Potomac River Tunnel Project

Following a ground-breaking ceremony hosted by DC Water, the building process of the Potomac River Tunnel Project was officially commissioned.

As the next major phase of the DC Clean Rivers Project, Washington DC’s Potomac River Tunnel is DC Water’s ongoing program to improve the water quality of the Anacostia and Potomac rivers and Rock Creek by increasing the capacity of the sewer system.

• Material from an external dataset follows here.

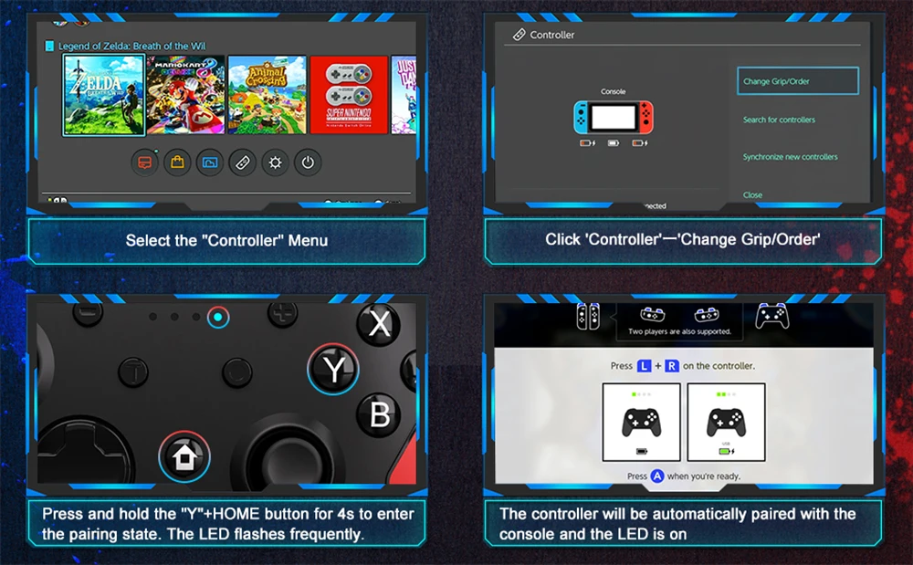🎮【Amplia compatibilidad】Este controlador de interruptor inalámbrico para Switch/Switch Lite/Switch OLED, también puede usar un cable USB para conectarse con PC con Windows y teléfonos Android. Los controladores de interruptores funcionan para todos los juegos de interruptores.

A large-diameter deep sewer tunnel, diversion facilities, drop shafts, as well as support structures to capture flows from existing combined sewer overflows (CSOs) along the Potomac River and convey them to the Blue Plains Advanced Wastewater Treatment Plant, are the contents of this project. The scheduled date for completion of this 8.9km-long tunnel will be 2030, while providing a 93% reduction in the volume of CSOs to the Potomac River in an average year of rainfall.

Currently, the quantity of estimated CSOs that enters the Potomac River each year by way of average rainfall is 654 million gallons.

Stretching beneath the Georgetown waterfront, along the edge of the National Mall and East Potomac Park, past Hains Point, this 5.5m-diameter tunnel links by gravity to the existing Anacostia River Tunnel. Using two TBMs, construction starts from West Potomac Park, whereas one machine will mine south through mostly soft ground, and another will head north to bore through rock.

The design-build contract was handed to a joint venture of CBNA and Halmar by DC Water in October last year, and the US$819m (€778m) contract is the largest ever awarded by the authority.

The ground breaking ceremony was attended by city leaders and agency partners.

According to DC Water CEO David Gadis: “Today we break ground with a sense of purpose and responsibility. This project is critical to ensure we reduce the CSOs that contribute to water quality impairment of the Potomac. Together we can shape a future where cleaner water flows and the Potomac River thrives as a beacon of environmental vitality.”